Tuesday 9 February 2021

Ludic Reading and Getting Lost in a Book


Yes, I do mean ludic and not lucid. I was once accused of having a typo in an academic paper because I’d used this expression.  The reader had thought I meant lucid.  No, ludic is the word.

Stops seeing the marks 

It literally means playful. Ludic reading means reading has become a game, a source of entertainment and recreation, rather than just a task.  And this happens, in my opinion, when you stop seeing the little marks on the page, when you stop turning those into words and you cut to the chase. You just see a film in your head. The question for you as a writer is can you create the same film in your reader’s head? Is this not the ultimate test of whether your writing is working or not?


Not everyone can do this

It isn’t that straight forward, though, for not everyone has this experience. Some people do not like reading fiction and quite is possibly because they cannot get into the state. I once shared a table at our local film club with a lady who had an MSc and so was a competent reader. She enjoyed films so she had no problem with story.  She just couldn’t pick up story by reading a book.  
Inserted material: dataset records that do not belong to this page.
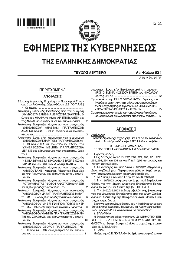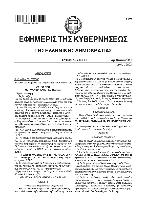 Αναζήτηση στα ΦΕΚ για:  Κυκλοφοριακών Ρυθμίσεων
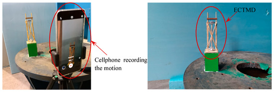 Dynamic characteristics of the ground-mounted ECTMD were identified through free vibration tests. The experimental setup of the free vibration tests is shown in Figure 4. To achieve a free vibration of the magnet, the magnet is given an initial displacement and is then released. A computer vision-based approach with corresponding identifying method [36] for dynamic displacement response is employed in the free vibration test of the ground-mounted ECTMD. A Huawei Mate 20 Pro cellphone was employed to record the video of motion, and the frame rate is 235 frames per second.
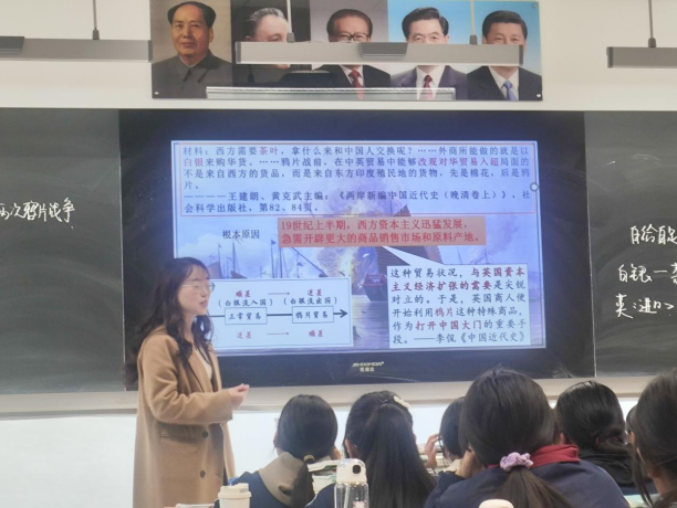 为进一步加强伟德betvlctor1946源于英国学科教学(历史)专业研究生理论与实践的深度融合,袁亚丽老师于2024年10月26日带领2024级学科教学(历史)专业研究生前往果洛西宁民族中学学观摩2023级学科教学(历史)专业研究生郭彦玲、高昂(教育实习),对统编版《中外历史纲要(上)》第15课“两次鸦片战争”的同课异构教研活动。教研活动由听课和课后评课、研讨两部分组成。

I spent over twenty-five years teaching in comprehensive schools in the UK. I met plenty of students who could read competently enough but didn’t enjoy reading.  They never had this experience either.


The lucky ones

Those of us who can get “lost in a book” are the lucky ones. We can be transported to other worlds.  This is especially useful in these days of “lockdowns”. I can experience this as well when I’m writing my own works or editing other people’s.

I’ve talked to my university students about this.  They all study English, Drama or Creative Writing. They all have this experience too.  They probably have to, in order to be interested in those subjects.

Shall we take it to extremes and become like Mo in Corneila Funke’s Inkheart series, able to make characters become real and walk out of books? Or, even more sinisterly as he did to his own wife, put a character into a story? Ah but isn’t that what we writers are supposed to do anyway?